Finding size of subgroups
The groups or strata are organized based on the shared characteristics or attributes of the members in the group. The process of classifying the population into groups is called stratification. Stratified random sampling is also known as quota random sampling and proportional random sampling. Stratified random sampling has numerous applications and benefits, such as studying population demographics and life expectancy. Stratified random sampling divides a population into subgroups. Random samples are taken in the same proportion to the population from each of the groups or strata. The members in each stratum singular for strata formed have similar attributes and characteristics.
Home QuestionPro Products Audience. Stratified random sampling is a type of probability sampling using which a research organization can branch off the entire population into multiple non-overlapping, homogeneous groups strata and randomly choose final members from the various strata for research which reduces cost and improves efficiency. Members in each of these groups should be distinct so that every member of all groups get equal opportunity to be selected using simple probability. Select your respondents.
The findings from a study of young single mothers at a university can be generalised to the population of:. Instructions Answer the following questions and then press 'Submit' to get your score.
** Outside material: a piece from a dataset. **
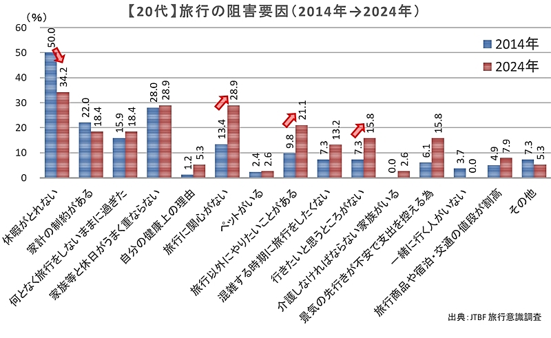 一方で、2014年はあまり存在感のなかった「旅行に関心がない」「旅行以外にやりたいことがある」「行きたいと思うところがない」といった阻害要因が、2024年には上昇しています。

Question 1 A sampling frame is: a A summary of the various stages involved in designing a survey. Question 2 A simple random sample is one in which: a From a random starting point, every n th unit from the sampling frame is selected. Question 3 It is helpful to use a multi-stage cluster sample when: a The population is widely dispersed geographically.
Home QuestionPro Products Audience. Stratified random sampling is a type of probability sampling using which a research organization can branch off the entire population into multiple non-overlapping, homogeneous groups strata and randomly choose final members from the various strata for research which reduces cost and improves efficiency. Members in each of these groups should be distinct so that every member of all groups get equal opportunity to be selected using simple probability.